I'm not saying that Celine Dion's music is more worthwhile than Perotin, but as Bulldog says in post #3, _c'est la vie_!


----------



## Guest (Jan 28, 2015)

It's easy to get the wrong answer as well, though.

Brick and mortar stores aren't making any money on anything, whether by Diamanda Galas or by Celine Dion.

The _vie_ has changed. It may still be true that there are more Dion fans in the world than there are Galas fans, but the market has changed to where even Dion fans are getting Dion music somewhere else than brick and mortar stores.

It's very like the symphony orchestra canard that orchestras can only survive by playing "what their audience wants to hear."

Well, that is indeed what they're doing (or what they think they're doing) and yet, regardless, bankruptcy looms for many of them. And it's not just bush-league San Diego groups, either. It's Philadelphia, Minnesota, Chicago, Detroit, and so forth. World-class orchestras.

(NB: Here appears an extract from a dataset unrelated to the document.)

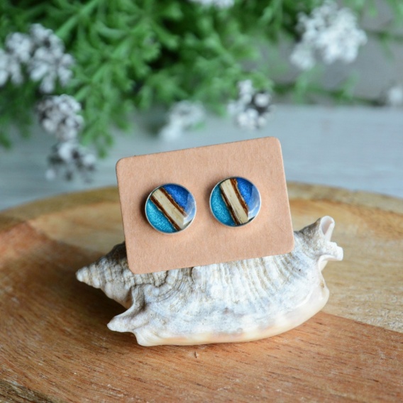 Drewniane kolczyki wykonane ręcznie z drewna z niebieską żywicą. Ciekawy wzór inspirowany jest nadmorskim krajobrazem. Całość oprawiona została w srebro próby 925. W komplecie wygodne srebrne zapięcia. Dostępna jedna para.
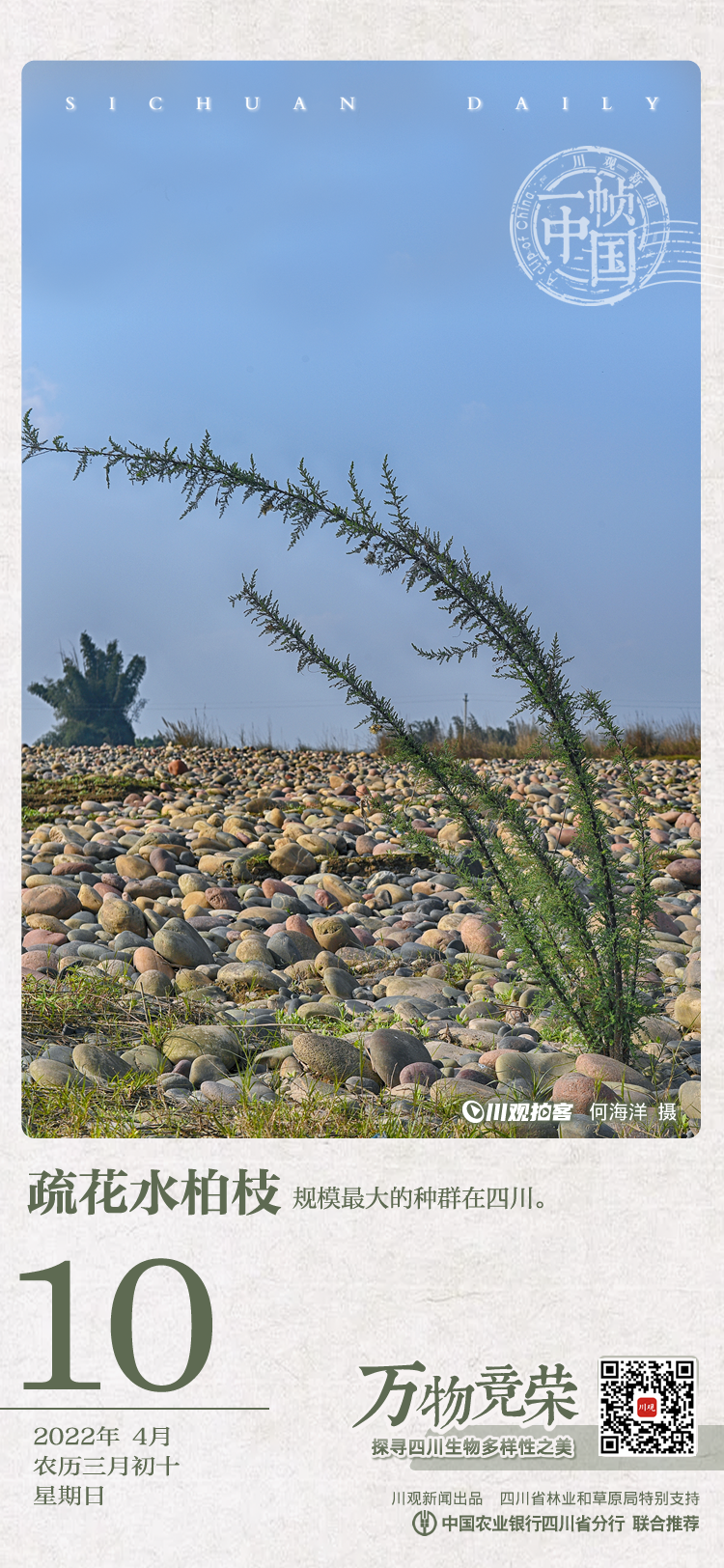 2018年初,在宜宾市江安县双江村的长江河滩,发现了大片疏花水柏枝,初步统计有3万多株,是全国目前发现规模最大、数量最多的疏花水柏枝种群。

Their troubles go way beyond what they do or do not play.


----------



## ArtMusic (Jan 5, 2013)

deprofundis said:


> How come when your looking for an obscure composer they never have it in stock, store like hmv.
> The major problem is useless pop like celine dion take all the space, everyone that like celine dion most have the record available in zillion copy but when your looking for an interresting composer into spectralism per se , they dont have it and it take weeks or month before it arrived.
> 
> Like celine dion was a priority for canadian not classical music of taste, they really **** me off , these record store.Once i order a cd at hmv and they did get it like 5 yrs later and call me and i was like wtf
> ...


Supply is a function of demand, pure and simple indeed.


----------



## Headphone Hermit (Jan 8, 2014)

some guy said:


> It's easy to get the wrong answer as well, though.
> 
> The _vie_ has changed.


yup. agreed. point taken

in a way, shops that deal with niche markets may even have an edge ... if they have a productive enough hinterland or can use technologies to extend their customer base


----------